La solidarité citoyenne en soutien aux Sahraoui·es
Depuis cinquante ans, diverses associations et des initiatives ont été lancées pour faire connaître une cause sahraouie en permanence menacée d’oubli, et aider les populations à survivre dans les campements.

© Patrick Piro
Un jour de 1976, Régine Villemont débarque à Paris avec sa camionnette remplie de vêtements collectés dans sa Sarthe. C’est pour l’Association des amis de la République arabe sahraouie démocratique (AARASD), qui vient d’être créée à la suite de la Marche verte, initiative lancée en novembre 1975 par le roi marocain Hassan II : 350 000 volontaires civils marocains partis occuper le Sahara occidental, alors que l’Espagne vient de renoncer à son protectorat sur le territoire.
Cette solidarité précoce est une spécificité française.
R. Villemont« Vu de France, on a pu croire un temps à une opération de décolonisation », se remémore Régine Villemont. Quand il apparaît que le peuple sahraoui a été spolié, l’AARASD prend de l’importance, et plusieurs comités de soutien voient le jour en France.

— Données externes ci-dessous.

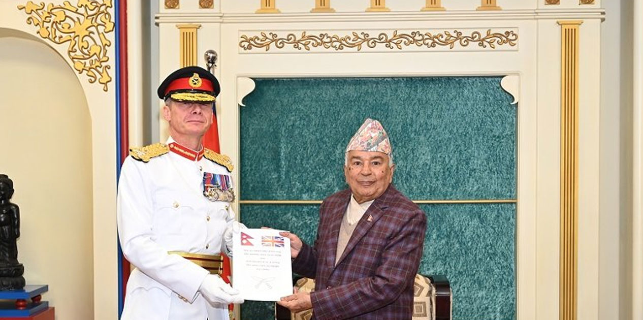 काठमाडौँ। राष्ट्रपति रामचन्द्र पौडेलसमक्ष संयुक्त अधिराज्य बेलायती सेनाका मेजर जेनरल जेरल्ड एम स्ट्रिकलेण्डसहितको टोलीले गोर्खा ब्रिगेडको वार्षिक प्रतिवेदन प्रस्तुत गरेको छ ।

En mai 1980, en dépit des complications administratives, l’association parvient à faire venir 120 enfants sahraouis en France, répartis dans différentes villes, notamment socialistes et communistes.
Au Mans, sous l’impulsion de Régine Villemont, plusieurs comités d’entreprise appuient l’opération, et la ville sera la première à nouer un jumelage, avec le quartier de Hausa à Smara, le plus important des campements de réfugié·es sahraoui·es installés autour de Tindouf, en Algérie. « Cette solidarité précoce est une spécificité française », souligne la militante et actuelle présidente de l’AARASD. La société espagnole, encore engluée dans le post-franquisme, n’y prendra sa part que plus tard, pour devenir le principal pôle de soutien à la population de son ancienne colonie.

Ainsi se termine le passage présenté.